Given a linked list, your task is to complete the function isLengthEven() which contains the head of the linked list, and check whether the length of the linked list is even or not. Return true if it is even, otherwise false.

Examples:

Input: Linked list: 12->52->10->47->95->0

Output: true
Explanation: The length of the linked list is 6 which is even, hence returned true.

Input: Linked list: 9->4->3

Output: false
Explanation: The length of the linked list is 3 which is odd, hence returned false.

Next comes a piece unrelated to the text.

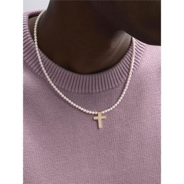 cross pearl necklace_十字架珍珠項鍊 5mm淡水珍珠

Expected Time Complexity: O(n)
Expected Auxillary Space: O(1)

Constraints:
1 <= number of nodes <= 10⁵
1 <= elements of the linked list <= 10⁵

Approach 01:

class Solution {
  public:
    bool isLengthEven(struct Node **head) {
        Node* data = *head;
        int length = 0;
        while(data){
            ++length;
            data = data->next;
        }
        return (length%2 == 0);
    }
};

class Solution:
    # your task is to complete this function
    # function should return false if length is even
    # else return true
    def isLengthEven(self, head):
        length = 0
        while(head is not None):
            length += 1
            head = head.next
        return (length%2 == 0)

Time Complexity

• Traversal of Linked List:

  The function traverses the entire linked list once to determine its length, which takes \( O(N) \), where \( N \) is the number of nodes in the list.

• Overall Time Complexity:

  The overall time complexity is \( O(N) \).

Space Complexity

• Variable Storage:

  Only a constant amount of space is required to store the data pointer and length variable. This means the space complexity is \( O(1) \).